McGovern stresses that one good turn should deserve another. “Every country that has elevated its development and improved its productivity becomes better commercial customers of the United States,” McGovern said. “Japan comes to mind as a classic example of that. Americans probably aren't aware that right after the war, we shipped a lot of food to Japan, to their schools.
“We did a lot to get the Japanese back into the global economy. It may have cost us our automobile market. At the same time, Americans benefited enormously. I suspect that one reason why the economy is as sluggish as it is right now is because Japan and the Asian countries haven't been doing well the past 10 years.
“It's easy to demonstrate that we build markets for the future when we help increase health of another country,” McGovern said. “However, at the same time that we are pressing for more market opportunities for ourselves, we make it difficult for these developing countries to sell into our markets. We have to change that.”
McGovern also stresses that food distribution to underdeveloped countries could perhaps even stave off terrorism.
“All of us were shocked by the attack on the World Trade Center. Why is it that a wealthy zealot like Osama bin Laden can go through the back country of Afghanistan and Pakistan and the slums of Cairo and recruit tens of thousands of young men who hate us so fervently that they are willing to give their lives to take a swing at us. I don't think our national policymakers are asking that question with enough intensity.
“I don't know if killing Osama bin Laden is the answer to the hopelessness that seems to have taken over in parts of the world. That's another reason why I'm for a universal school lunch program to help relieve some of the fury and the hopelessness.”
When asked about the cost of feeding the world versus letting poor countries fend for themselves, McGovern took a different approach. “Hungry people are a drag on the economy.
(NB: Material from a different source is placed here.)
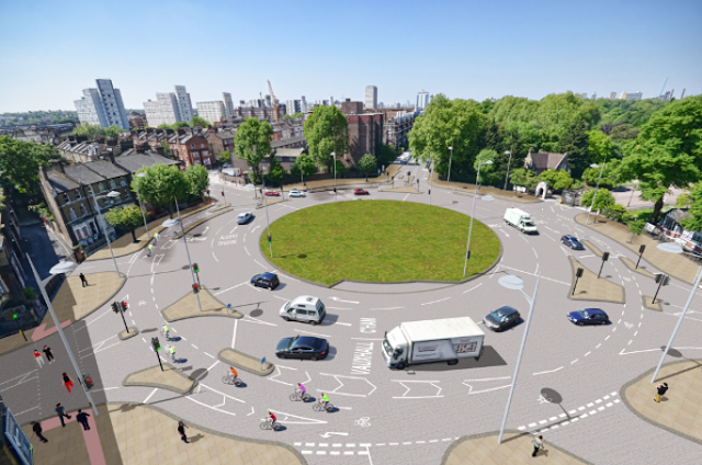 | Update May 2015: One that I'd missed which is so awful in design that it really must be listed here. A redesign for Queen's Circus Battersea roundabout which is actually under construction. In some places this has been described as "Dutch", but it's very far from any real design for a Dutch roundabout. This junction is also far too busy for a Dutch roundabout design so in the Netherlands this junction would in fact use traffic lights instead. As we can see form the photo, traffic lights are actually installed, so this won't flow freely like a roundabout. I'm assured that the cycling infrastructure under construction is actually narrower than that shown in the picture. Update July 2015: Watch a video which demonstrates this roundabout in action. Enormously long delays for cyclists, combined with red jumping by drivers which puts cyclists in danger even after they've waited for a green light. |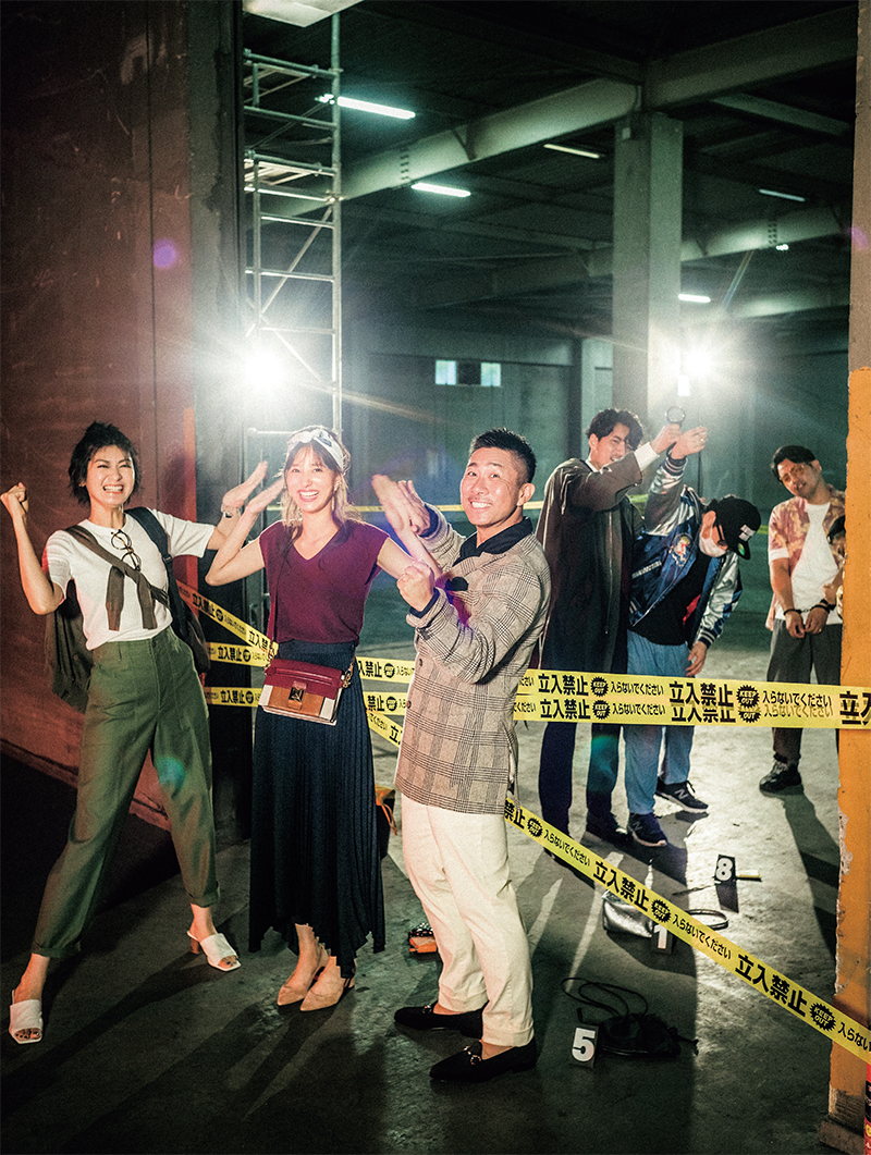 【前園さん】ジャケット¥95,000(サンタニエッロ/バインド ピーアール)パンツ¥24,000(ジェルマーノ/ビームス 六本木ヒルズ)【犯人・左】スカジャン¥12,960(スカジャン専門店 大熊商会)【犯人右】Tシャツ¥7,500(グッドオン)アロハシャツ¥12,800〈クリティカル スライド〉メガネ¥26,000〈エポキ〉(ともにポートオブコール 表参道)その他/スタイリスト私物

They have less production of their own, less income to spend on what other producing countries have to sell and it has the effect of taking $16 billion (annually according to recent research) out of our pockets.
“On the other hand, the highest estimates for feeding all of the world's hungry is around $10 billion a year.”
OTHER COMMENTS BY MCGOVERN:
“USDA, FDA and EPA have not found the dangers that Europeans see from genetically grown crops. I wonder if one factor at work here is fear that always accompanies new, scientific breakthroughs. I'm not saying that Europeans are unscientific. Some of the greatest breakthroughs, like golden rice, came out of the Swiss Federal Institute of Technology.
“But Europeans should be assured that these products are not going on the market without evaluation. I don't understand the extent of the European opposition. I don't want to think that this is simply a way to block American farm produce going into the EU markets. But that is a suspicion that some American farmers have.
“I've enjoyed my travels to the South. That part of the country is pretty conservative, but I found farmers in Mississippi and Louisiana and Alabama to be well-informed. I enjoyed my contact with them.”